Don't be a captive audience, just be your best

By Tom Ehrich

"Did you know Air Tran has started charging extra for a seat?" a passenger waiting to board a Southwest Airline flight told me.

"A special seat?" I asked.

"No, any seat."

I find that hard to imagine. But then I find much of air travel 2014 difficult to imagine. Each month, greedy airlines find one more extra fee to charge. Checking in for a flight online means one up-sale after another.

We are, you see, a captive audience. Same goes for Facebook, Twitter and Google with their non-stop ads. If you use their service, they claim the right to bombard you with ads and up-sales.

What's the answer? Don't use their service. I have deleted Facebook from my mobile devices, for example, because I resented their privacy intrusions. I don't get near Google-Plus.

I have also stopped watching commercial television, both broadcast and cable. I delete unread all solicitations from my bank offering special services.

In other words, don't be a captive audience. Use technology in a way that maximizes freedom. Pay for what you want to use, and skip the rest, including most deals.

Having lived my entire life within the advertising bubble, I have decided that advertising is a time suck for the customer and a waste of money for the advertiser.

Better to build an enterprise one customer at a time and to trust satisfied customers to tell others. In our launch of Fresh Day online magazine, for example, I considered ad campaigns. But I concluded that the best way to grow an audience was to provide a great product. If it's good, people will find it.

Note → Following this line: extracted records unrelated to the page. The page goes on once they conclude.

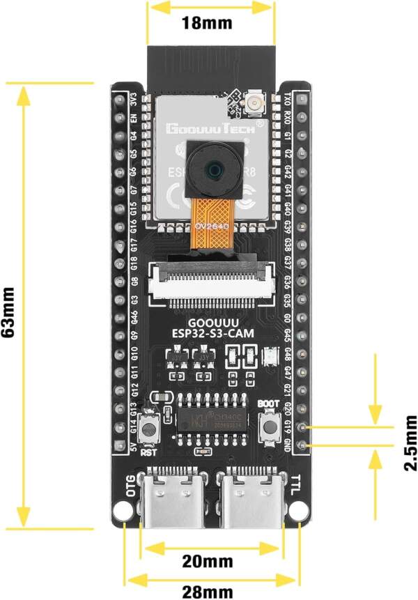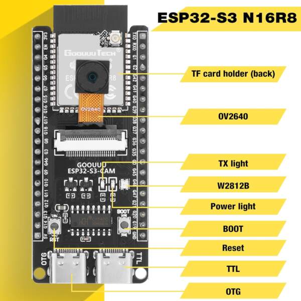 ESP32-S3 CAM 開發板 ESP32-S3-WROOM N16R8 ,附 OV2640 相機模組 送 USB 線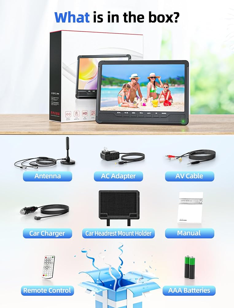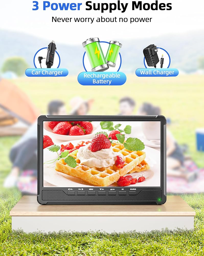 تلفزيون ديسوبري 11.5 بوصة محمول مع هوائي Atsc Tune، شاشة 10.5 بوصة HD IPS قابلة لإعادة الشحن مع مكبر صوت مزدوج، تلفزيون صغير يدعم مدخل HDMI USB RCA، تلفزيون يعمل بالبطارية لسيارة التخييم المطبخ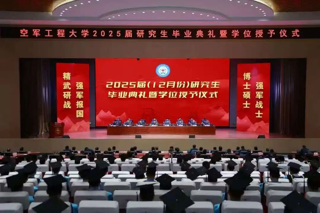 1月6日上午,大学2025届(12月份)研究生毕业典礼暨学位授予仪式在中心校区空天礼堂隆重举行。大学少将政治委员蔡渭滨出席典礼并讲话,校党委常委,各院(部、系)主官,毕业研究生及导师、家属,研究生学员代表参加。典礼由大学大校副校长兼教育长魏成凯主持。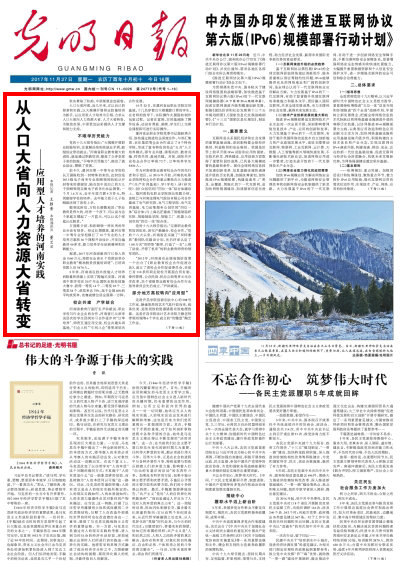 11月27日,《光明日报》以《从人口大省向人力资源大省转变——应用型人才培养的河南实践》为题,重点关注报道了我省以职业技能培训为抓手,以应用型人才培养为引领,力求从人口大省向人力资源大省、人才大省转变,为脱贫攻坚、中原更加出彩提供人才支撑和智力支持的探索实践情况。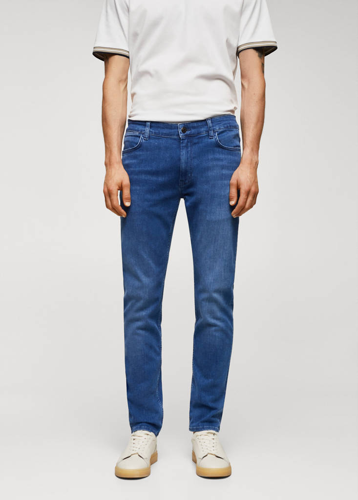 ESSENTIALS: Made to last. Slim fit. Denim style cotton fabric. Black. Loops. Five pockets. Zip and one button fastening. The model is 185 cm tall and is wearing a size 42. Denim jeans style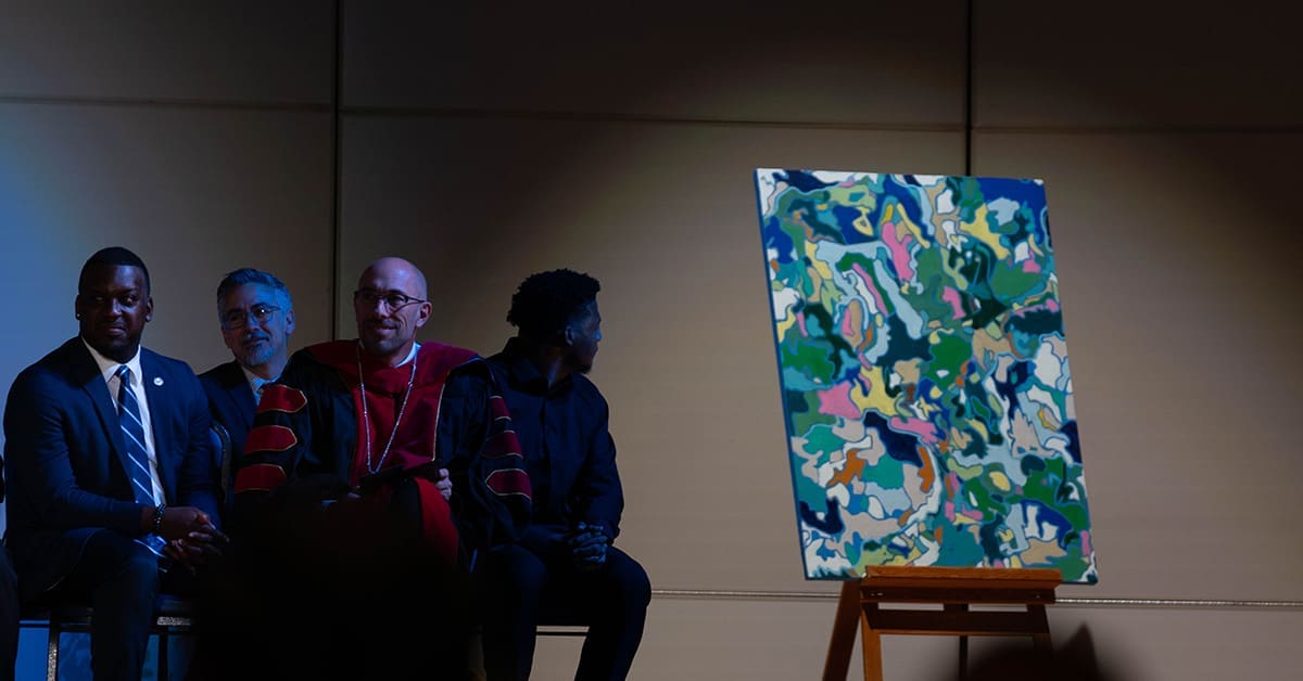 In a touching moment, the Chief of Staff, Jeanine Mozie, presented a commissioned artwork titled “Connection” by senior student Hope McIntosh ’25.

I know this is true for churches. Be a great church, love extravagantly and serve boldly, and the word will spread. That's how Jesus grew his ministry, after all.

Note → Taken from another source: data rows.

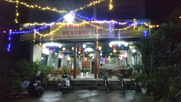 メイン通りはカラオケバーのようなお店もあって大変騒がしく、できれば静かな場所で食事をしたいと考えていたのですが、ちょうどピッタリなレストランがありました。「Thảo Béo Restaurant Bar」というお店で、メイン通りからは少し奥に行った場所にあり、周囲も民家ばかりなので静かで落ち着いた雰囲気です。ニンビンを観光した日本人の方もYoutubeでオススメしていました。朝から夜遅くまで営業しているようなので、好きなタイミングで食事ができるのも良い点です。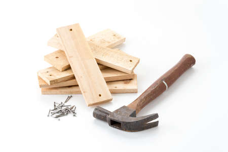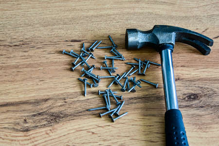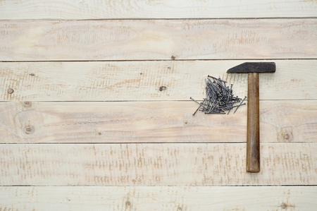 Hammer and nails on wooden background, wood and rust head iron hammer lying on wooden board with outdoor workshop.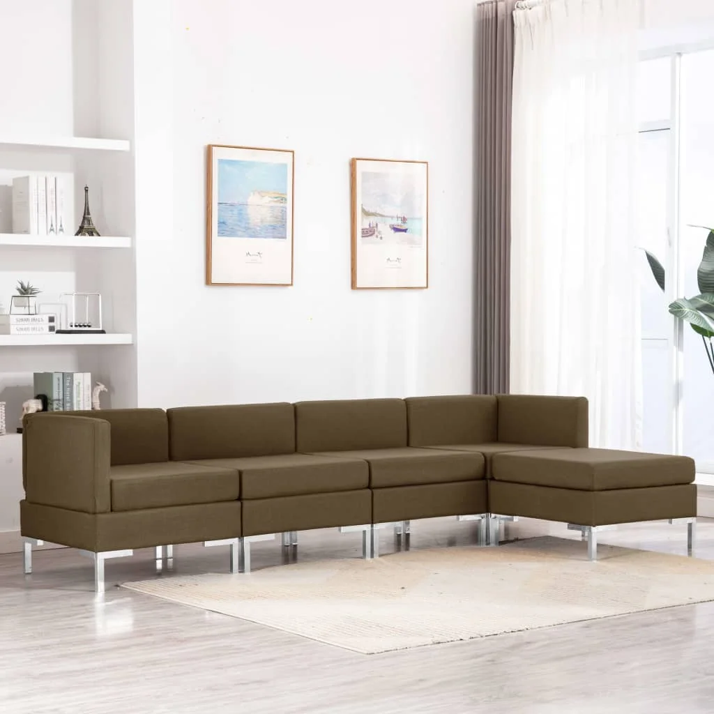 Материал: ткань (100% полиэстер), МДФ Общие размеры: 260x130x65 см (Ш x Г x В) Размеры углового дивана: 65x65x65 см (Ш x Г x В) Размеры сиденья: 58x58 см (Ш x Г) Размеры среднего дивана: 65x65x65 см (Ш x Г x В) Размер сиденья: 65x58 см (Ш x Г) Высота сиденья от земли: 42 см Размеры подставки для ног: 65x65x42 см (Ш x Г x В) Толщина подушки: 12 см Требуется сборка В комплект поставки входит: 2 x центральный диван 2 х угловой диван 1 x подставка для ног 5 x подушка сиденья

People pass around horror stories, too. Negative word-of-mouth can cripple an enterprise.

My point? Be the best you can be -- as a person, as a worker, as an enterprise, as a church, as a magazine. Word will spread, because we are all looking for the real thing: the word that is true, the heart that loves, the enterprise that treats customers well, the church that gets outside itself and serves as Jesus served.

When we find the real thing, we talk about it.